Debate over a new Phosphorous Management Tool (PMT) has raged since late this summer. Environmental advocacy groups like Assateague Coastal Trust (ACT) as well as the Maryland Department of the Environment (MDE) have argued that the tool, which would limit the amount of manure that can be applied in certain areas, is an absolute necessity to combat runoff into local waterways.
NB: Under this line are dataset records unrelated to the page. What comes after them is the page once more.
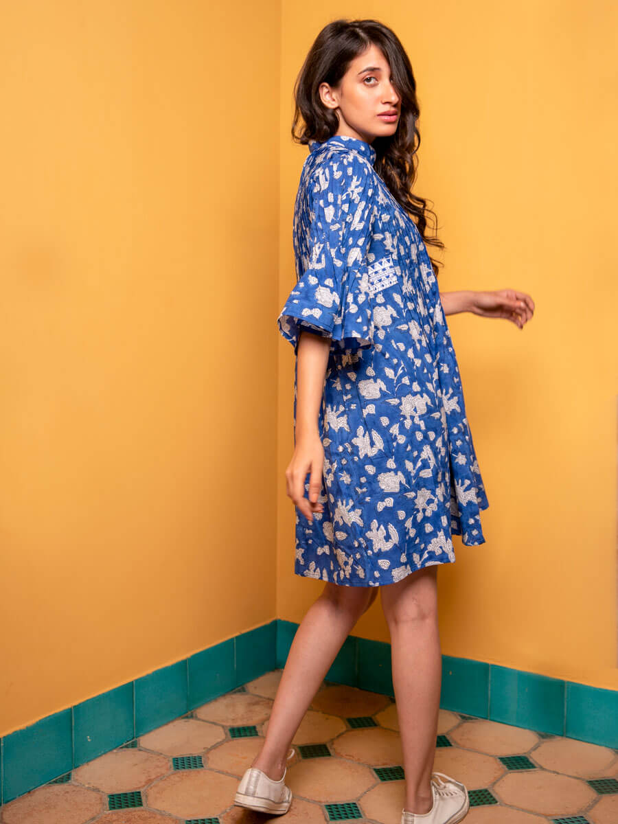 Blue Paradise Block Printed Cotton Pintuck Dress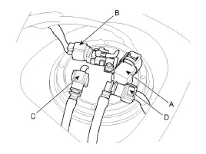 5. Disconnect the fuel feed tube quick-connector (C) and the vapor tube quick-connector (D).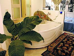 要在一個(gè)四十幾平方米、已經(jīng)幾乎沒有浴室的小房里享受沐浴的快樂是不可能的嗎?答案并非全否定,這個(gè)大膽的“浴室”干脆設(shè)在了客廳里,大大的按摩浴缸盤踞了一個(gè)角落,并成為客廳與臥室功能分區(qū)的隔斷。在“浴室”與廚房之間還像模像樣地開了個(gè)小窗子,很可愛。誰說小就意味著不健全?全看個(gè)人怎么做。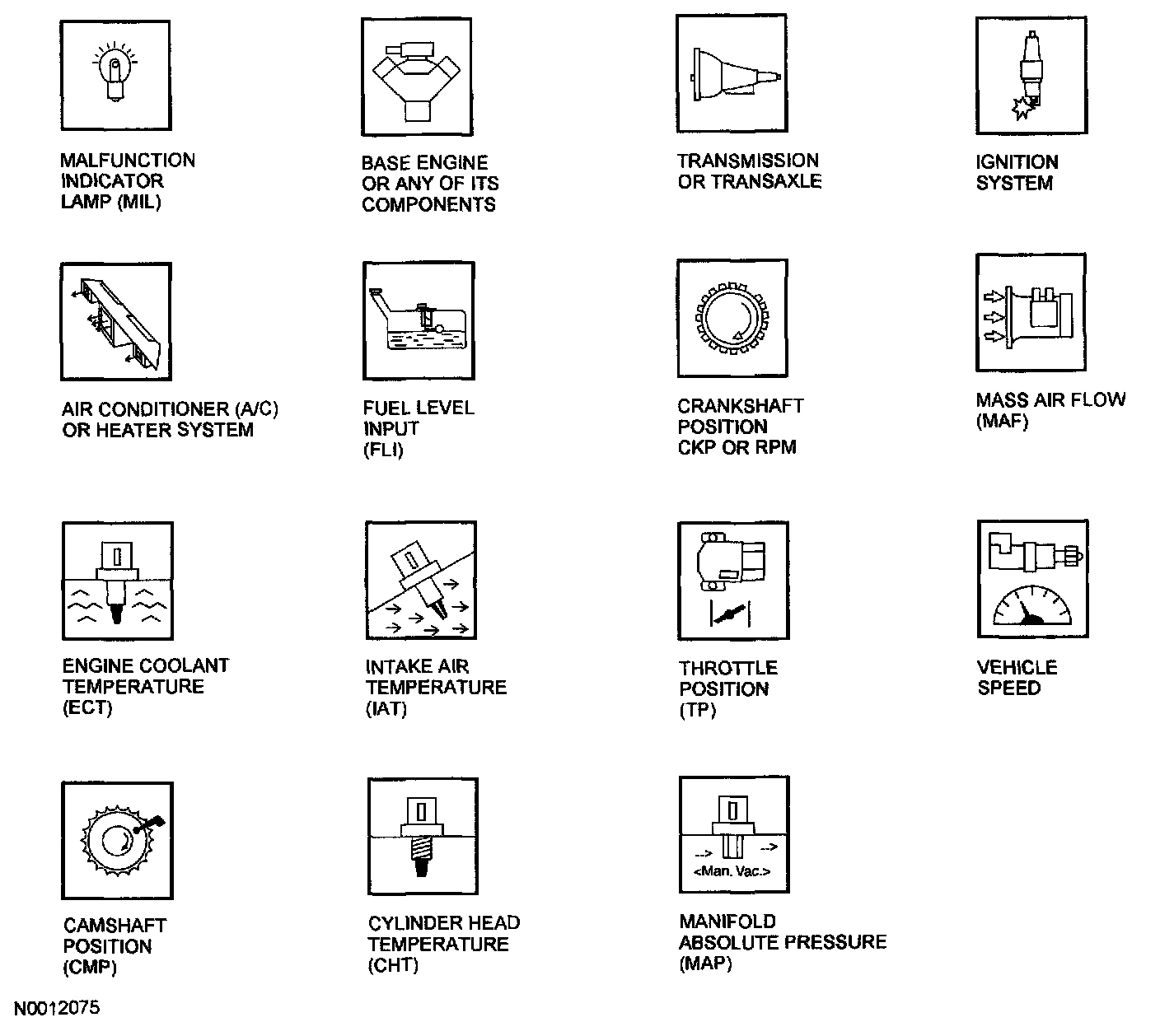 These icons are used in the illustrations of the On-Board Diagnostic monitors.

Farmers on the lower shore have had the opposite reaction, claiming that the PMT would unreasonably force them to stop using chicken manure on too many of their fields and have to replace that with more expensive forms of fertilizer.
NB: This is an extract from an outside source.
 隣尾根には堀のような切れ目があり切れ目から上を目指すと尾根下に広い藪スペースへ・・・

Lower shore legislators have so far been vocal about their concerns in moving forward with the new PMT. There are at least three bills already pre-filed for review once the assembly resumes in Annapolis on Jan. 8, according to Worcester County Commissioner Virgil Shockley.
“What you’ve got on the phosphorous right now is you’ve got several pre-filed bills that basically have been pre-filed to make sure there is an economic impact study,” he said.
Shockley reported that bills have been filed by state Senator Jim Mathias and Delegates Norm Conway and Mike McDermott for further examination of the proposed PMT. One of the bills is asking for an in-depth economic impact survey to gauge how hard of a hit farmers, especially poultry farmers, will take if mandated to follow the new regulation.
At the last lower shore representative meeting with Maryland Department of Agriculture (MDA) Secretary Buddy Hance in November, farming representatives and local elected officials predicted that the PMT could devastate farming on the Eastern Shore.
“I understand the environmental side of it. But those environmentalists … their skin in the game is theoretically cleaning the bay,” McDermott told Hance in November. “The skin in the game down here is our economy could be technically destroyed or at least set back at a time when people can’t afford that anyways. What would 36 months cost us on this end as opposed to what it’s going to cost us on the other end, especially for something that’s not measurable?”
There is near universal support among lower shore representatives for at least a brief delay to make time for an economic study. It would need to happen soon, said Shockley, since any comprehensive study would take months.
“I think you’re going to see something probably early on. I think you’ll see one of those bills being discussed within probably the first two weeks,” he said. “It would surprise me if you don’t get something within the first few weeks because you’re talking about an economic study that’s going to take six to nine months.”
Shockley, a poultry farmer, has not been shy in his criticism of the PMT.
“They managed to do something about as backwards and about as wrong as you could ever do something as far as trying to push a regulation through,” he said. “They had one objective. They didn’t care what the outcome was. At the end of the day, they had one objective. It was literally health care for agriculture.”
The only silver lining to the regulation, Shockley added, is that it has helped unite the farming community to a degree he has never witnessed.
“The farming community, I can truly say, I have never seen them be as proactive and as aware of what’s going on with regulations, either from state or from the feds, as they are right now,” Shockley said.